Григорьев придерживался концепции морально-нравственного усовершенствования человека и в противовес Белинскому строил свою теорию на основах славянофильства (хотя частенько критиковал его за проявления ортодоксальной религиозности, за подавление личности «общинностью»).

Отношение к близкому идейно движению славянофилов Григорьевым определялось так: «Самая горестная вещь, — пишет он H. Н. Страхову в 1856 году, — что я решительно один без всякого знамени. Славянофильство также не признает меня своим — да я не хотел никогда его признанья».

В чем, упрощенно, выражается сущность «теории органической критики» Григорьева, которая до наших дней является руководством для литературных аналитиков и рецензентов. Вся мировая литература — единый и цельный живой организм, а каждое отдельное литературное произведение — частичка этого великого организма, самый верный способ изучения которого — последовательное шествие к истине путем сопоставлений, сближений и аналогий. От каждой строфы, афоризма, литературного образа тянутся скрытые нити к общему жизненному центру, а первая задача критика — различить и точно обозначить все разветвления этой системы: «У всякого великого писателя, — пишет Григорьев, — найдете вы в прошедшем предшественников в том деле, которое составляет его слово, найдете явления, которые смело можете назвать формациями его идеи».

Центральным узлом русской литературы А. Григорьев считает Пушкина. Сегодня как никогда актуальна его известная формула, выведенная еще в 1859 году: «Пушкин — наше все: Пушкин представитель всего нашего душевного, особенного, такого, что остается нашим душевным, особенным после всех столкновений с чужим, с другими мирами.

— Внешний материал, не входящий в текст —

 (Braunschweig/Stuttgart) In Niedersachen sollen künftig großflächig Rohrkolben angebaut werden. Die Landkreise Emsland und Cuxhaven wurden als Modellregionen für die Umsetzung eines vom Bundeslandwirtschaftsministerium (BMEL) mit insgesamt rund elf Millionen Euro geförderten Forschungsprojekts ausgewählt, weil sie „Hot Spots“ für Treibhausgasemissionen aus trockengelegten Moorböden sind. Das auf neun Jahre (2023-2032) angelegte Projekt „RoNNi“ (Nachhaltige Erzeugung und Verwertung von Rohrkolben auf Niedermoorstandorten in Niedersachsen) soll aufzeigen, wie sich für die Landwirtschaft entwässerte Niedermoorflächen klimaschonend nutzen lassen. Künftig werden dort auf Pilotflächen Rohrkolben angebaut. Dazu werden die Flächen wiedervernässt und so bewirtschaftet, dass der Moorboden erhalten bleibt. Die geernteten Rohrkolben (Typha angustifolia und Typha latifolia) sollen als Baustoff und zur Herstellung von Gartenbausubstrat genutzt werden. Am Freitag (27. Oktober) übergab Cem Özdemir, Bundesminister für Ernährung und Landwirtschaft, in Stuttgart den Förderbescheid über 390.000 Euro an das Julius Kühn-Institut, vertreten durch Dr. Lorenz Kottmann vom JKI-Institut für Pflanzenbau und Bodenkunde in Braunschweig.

Пушкин пока единственный полный очерк нашей народной личности». То же и относительно Гоголя, к творчеству которого Григорьев применяет полностью всю систему своих приемов изучения: сравнение с рядом мировых гениев — Гёте, Пушкин, Шекспир, в компании великих комиков — Мольера, Диккенса, Гофмана, — вводит творчество Гоголя в родной круг родственных явлений, в котором безошибочно обнаруживаются звучащие струны его великого таланта.

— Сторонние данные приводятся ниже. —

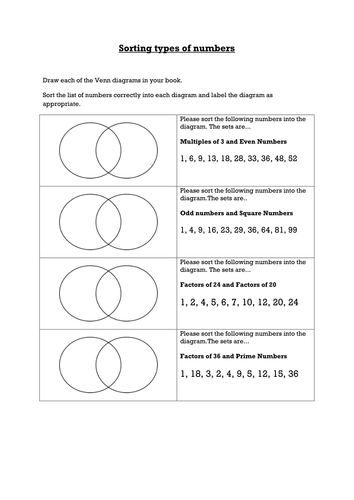 This is a rich venn diagram activity on types of number including factors multiples primes square numbers and more. Venn diagrams are used to picture the relationship between different groups or things to draw a venn diagram you start with a big rectangle called universe and then you draw to circles overlap each other or not. Compare and contrast 2 characters in a story 2 different settings or 2 events. Free printable venn diagram math worksheets can be used by anyone at your home for educating and learning objective.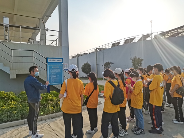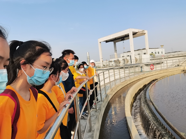 來到污水處理現(xiàn)場,師生們實(shí)地參觀了除臭系統(tǒng)、生化池、二沉池、水解酸化池、磁混凝澄清池等一系列污水處理設(shè)備設(shè)施。工作人員通俗易懂地為師生們講解污水從進(jìn)廠到出廠期間每一道工藝流程,讓師生們清晰地了解了原水是如何經(jīng)過層層過濾、消毒、凈化等工藝流程,最終實(shí)現(xiàn)達(dá)標(biāo)排放。參觀期間,學(xué)生們好奇心十足,不斷提問,認(rèn)真記錄相關(guān)污水處理知識,工作人員一一進(jìn)行耐心講解。通過“零距離”觀察比較污水凈化處理前后的水質(zhì)變化,解開了“污水變清”的秘密。親眼見證污水從渾濁不清變成一汪汪清水時(shí),師生們不由發(fā)出了陣陣贊嘆。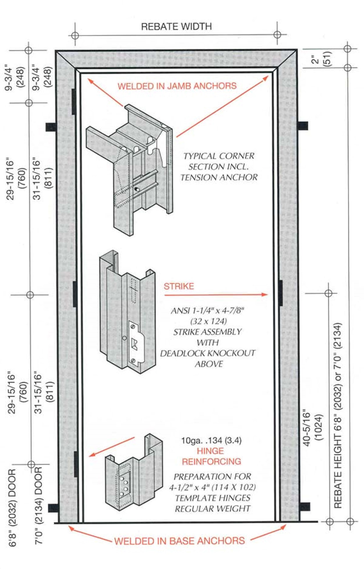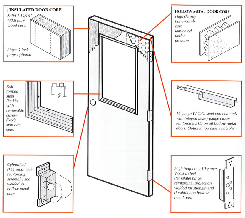 Top and bottom of door have 16-gauge steel end channel projections welded on. Hinge and lock edges have vertical, mechanically inter-locking seams and are sealed in RRPC 3 adhesive.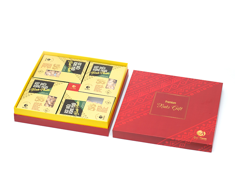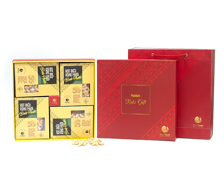 Hiểu được tâm lý của người tặng cũng như người nhận quà, chúng tôi không chỉ chú trọng tới chất lượng của món quà mà còn rất quan tâm tới hình thức bên ngoài. Hộp quà của bạn được đặt thiết kế đặc biệt, chú trọng từng đường nét, đảm bảo sự sang trọng, bộ sản phẩm bao gồm 4 hộp hạt dinh dưỡng gồm hạt Điều Bình Phước, Hạt Macca nứt vỏ tự nhiên, hạt hạnh nhân, hạt dẻ cười đỏ hy lạp.
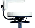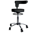 Стілець для майстра модель 8085 з двома регулювальними механізмами: зміна висоти стільця та висоти спинки. Регулювання висоти через металеве коло під сидінням. Спинка обертається по осі, може служити підлокітником. П'ятилучна хрестовина з маневреними поліуретановими коліщатками забезпечує тихе та легке пересування.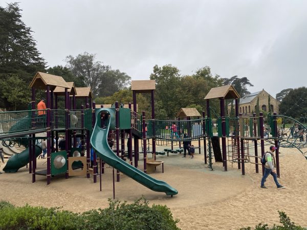 Locals call it the Blue Boat Playground and your little pirates will love the actual boat docked in the sand at this playground. Though this isn’t a recent reno it’s still a well-kept and well-loved playground in Golden Gate Park’s outer reaches. Surrounded by big trees, it’s shadier and cooler than some other spots, so keep those fleeces on hand for when Karl the Fog comes to play. The picnic area is reservable through GGP. Brand-new restrooms are scheduled to open soon!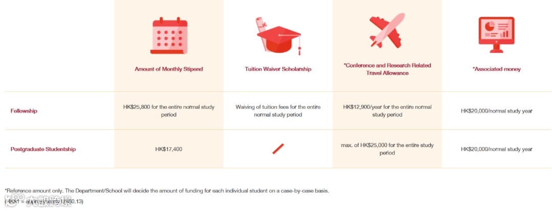 成功申请者可享受全额免学费、每月奖学金(HK$17,000~25,800)以及研读期间其他资助(如每年HK$12,900~25,000的会议差旅补贴等)。另外申请将作快速审核,录取结果于短期内发放。
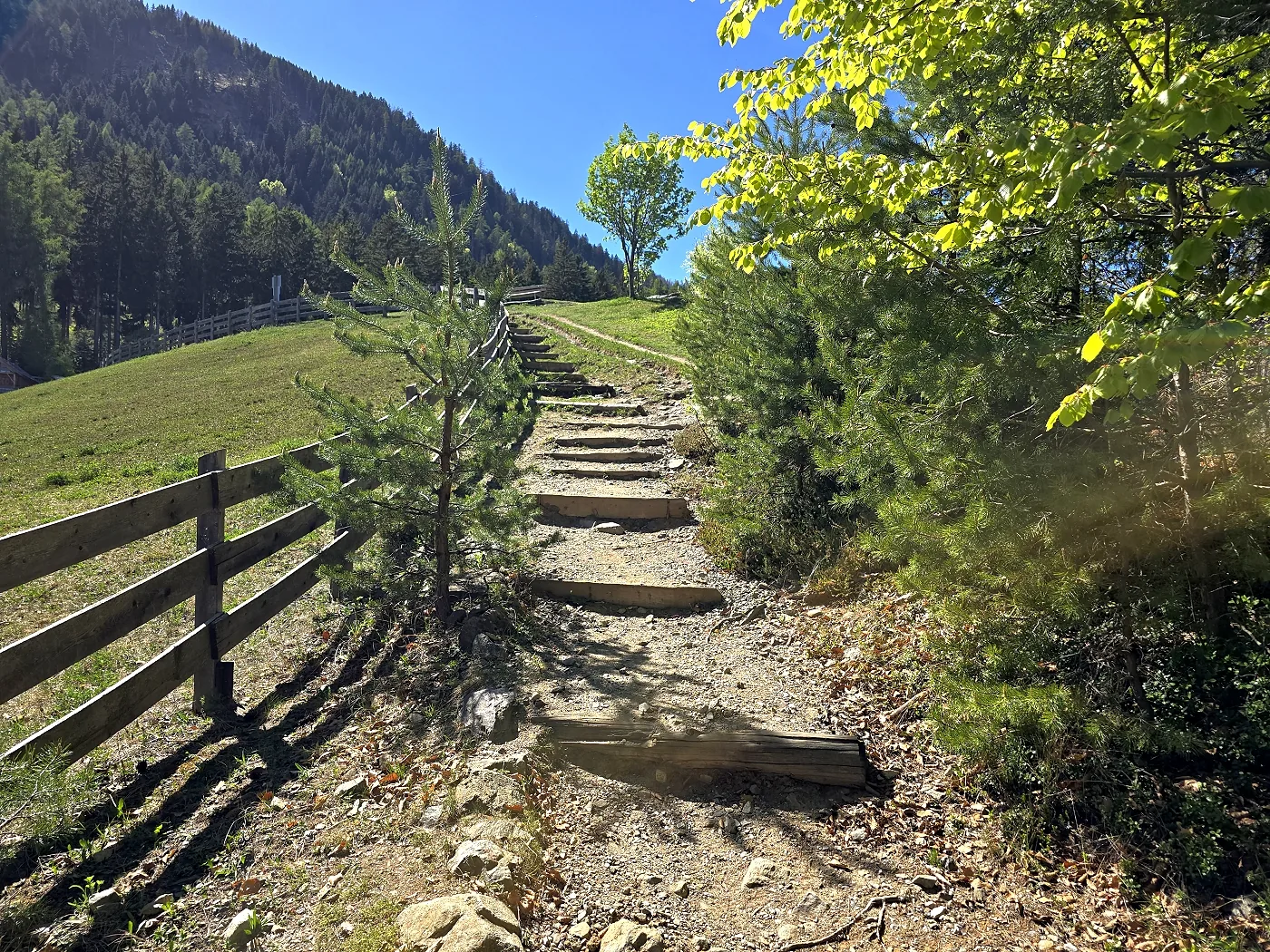 Wir folgen dem rot-weiß-rot markierten Naturlehrpfad vorbei an diversen Schautafeln bis zu einer weiteren Weggabelung (770m) direkt oberhalb des Sonnenhofs. Achtung: An dieser Stelle befindet sich kein Wegweiser! Wir verlassen hier den Lehrpfad und folgen einem schmalen Steig (Markierung beachten), der uns steiler bergauf bis zu einer Asphaltstraße leitet. Dieser folgen wir weiter bergan zu den schön gelegenen Taxerhöfen (895m), von wo aus sich ein herrlicher Ausblick auf Lienz und die Schleinitz bietet.

Для критика бесценно умение передать читателю не только результаты своих исследований и впечатлений, но и ощущение близости, которое неизбежно зарождается при пристальном изучении писателя. Григорьев не устает говорить о преимуществе мысли сердечной перед головною и утверждает, что сознание может разъяснять прошедшее, но только творчество кидает свои ясновидящие взгляды в далекое будущее.

Поэтому у Григорьева нет критических статей отрицательного характера, ему чужды развенчание, высмеивание, вылавливание ошибок, систематическое выставление негативных оценок писателям — как заклейменный еще Лермонтовым, но доныне живучий вид литературной критики.

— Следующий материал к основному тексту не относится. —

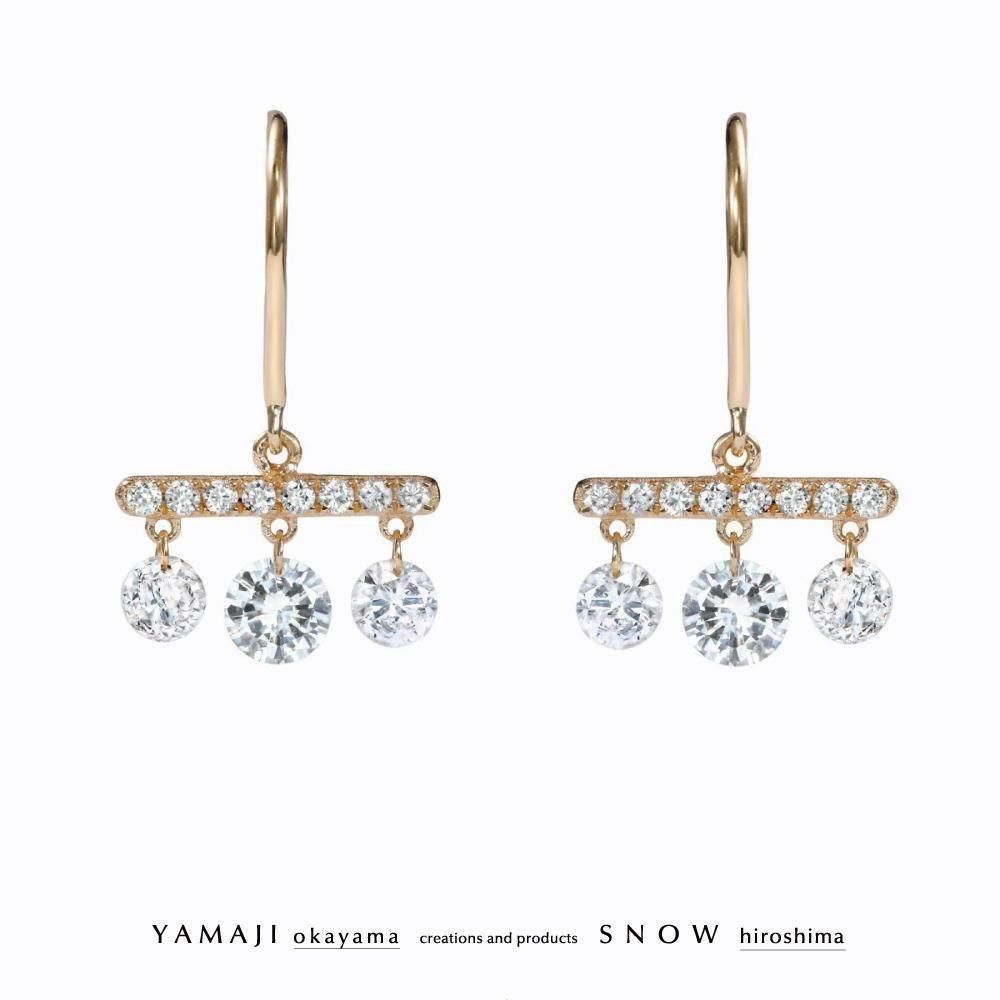 ゆらゆらと揺れる3つのダイヤモンドは、まるで雪解け水のようにクリアなラインを描きます。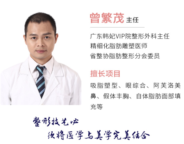 曾繁茂:毕业于南方医科大学临床医学专业,曾赴日韩知名整形机构进修深造,常与国内外行业领军人物进行学术交流及前沿课题讨论。在脂肪移植领域,曾繁茂主任有着丰富的经验,把美体塑形当成人体艺术雕刻,关注求美者感受,手法精细、精致;深谙韩式精雕美学,擅长打造精致立体、弧度优美的面部五官轮廓。从业十余年,为10000+求美者潜心安全塑美,赢得了业界口碑。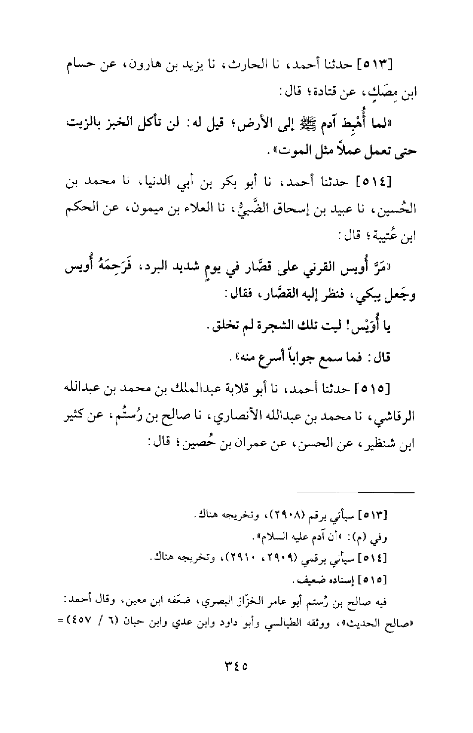 513 - حَدَّثَنَا أَحْمَدُ، نَا الْحَارِثُ، نَا يَزِيدُ بْنُ هَارُونَ، عَنْ حُسَامِ بْنِ مِصَكٍّ، عَنْ قَتَادَةَ؛ قَالَ: لَمَّا أُهْبِطَ آدَمُ صَلَّى اللَّهُ عَلَيْهِ وَسَلَّمَ إِلَى الْأَرْضِ؛ قِيلَ لَهُ: لَنْ تَأْكُلَ الْخُبْزَ بِالزَّيْتِ حَتَّى تَعْمَلَ عَمَلًا مِثْلَ الْمَوْتِ.

Не умаляя заслуг Белинского, Писарева или Добролюбова в истории русской литературы, логично признать преимущество А. Григорьева не столько в области лингвистической и философской эрудиции, сколько в деле выработки цельной эстетической доктрины, в использовании аналогий, в искреннем желании приблизиться к внутренним порывам человека через глубоко осмысленный и одушевленный литературный образ.

Григорьев определяет творчество как подсознательную интуицию, заявляя: «Я верю, что бессознательность придает произведениям творчества их глубину. В душе художника истинного эта способность видеть орлиным оком общее в частном есть непременно синтетическая... Тот, кто рожден с такого рода объективностью, есть уже художник истинный, поэт, творец».

Перенесение внимания с предметного изображения на выражение «внутреннего» субъективного, импрессионистическая «случайность» образов составляют основные черты творчества Григорьева, которые позже ярко проявятся в XX веке в русском символизме.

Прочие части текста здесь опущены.